How do you stop words from being split across two lines

Dear Team


We have an issue in using Aspose.pdf. We need to convert HTML to PDF. The issue is words are getting split to next lines. Attaching the code & sample output for reference. Please help

Code<o:p></o:p>

Dim pdf As Aspose.Pdf.Generator.Pdf = New Aspose.Pdf.Generator.Pdf()

'set the license file

Dim lic As New Aspose.Pdf.License()

lic.SetLicense(System.Web.HttpContext.Current.Server.MapPath("AsposeLicense/Aspose.Total.lic"))
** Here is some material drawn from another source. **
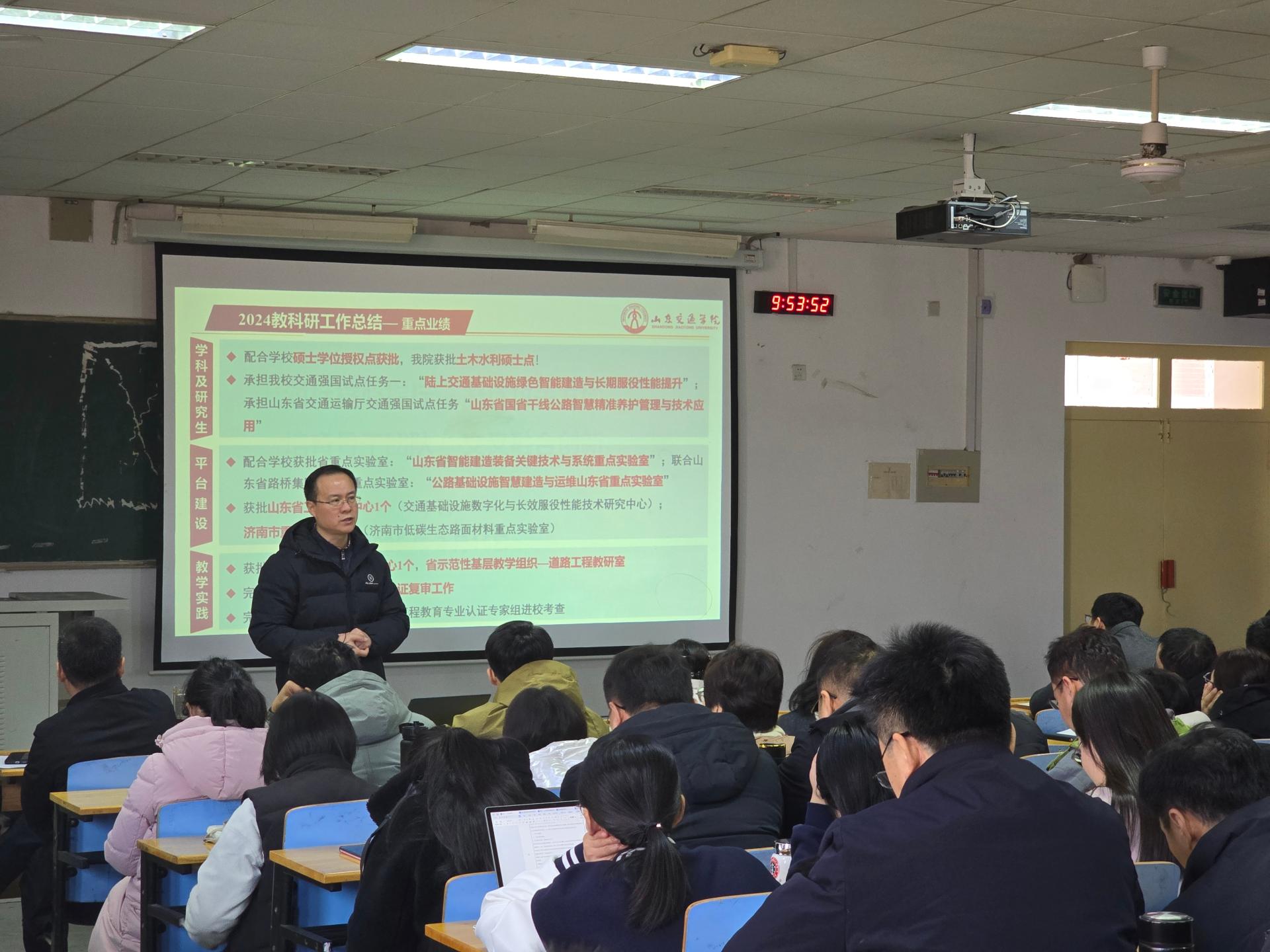 滕怀国传达了学校2025年春季学期干部学习和工作研讨班精神,结合学院实际情况,对进一步提升人才培养质量、加强学科建设和师资队伍建设、全面提高社会服务能力等工作进行了部署,并对如何落实好学校“改革创新提升年”的各项任务指出了努力方向。他强调,全院教职工要按照学校要求,正视发展过程中面临的新形势、新问题,主动融入新赛道、适应新要求,强化担当意识,团结奋斗,努力推动学院事业高质量发展。滕怀国还为全体教师上“开学第一课”。

' add the section to PDF document sections collection

Dim section As Aspose.Pdf.Generator.Section = pdf.Sections.Add()

section.PageInfo.PageWidth = Aspose.Pdf.Generator.PageSize.LetterWidth

section.PageInfo.PageHeight = Aspose.Pdf.Generator.PageSize.LetterHeight

Dim marginInfo As Aspose.Pdf.Generator.MarginInfo = New Aspose.Pdf.Generator.MarginInfo()

marginInfo.Top = 0

marginInfo.Bottom = 0

marginInfo.Left = 0

marginInfo.Right = 0

Dim marginInfotext As Aspose.Pdf.Generator.MarginInfo = New Aspose.Pdf.Generator.MarginInfo()

marginInfotext.Top = 95

marginInfotext.Bottom = 95

marginInfotext.Left = 35

marginInfotext.Right = 35

section.PageInfo.Margin = marginInfotext

Dim txt1 As Aspose.Pdf.Text.TextFragment = New Aspose.Pdf.Text.TextFragment()

txt1.HorizontalAlignment = Aspose.Pdf.HorizontalAlignment.Justify

Dim graph1 As Aspose.Pdf.Generator.Graph = New Aspose.Pdf.Generator.Graph(section)

graph1.Margin.Top = 0

graph1.Margin.Bottom = 0

section.Paragraphs.Add(graph1)

Dim text As Aspose.Pdf.Generator.Text = New Aspose.Pdf.Generator.Text(section, sHtml)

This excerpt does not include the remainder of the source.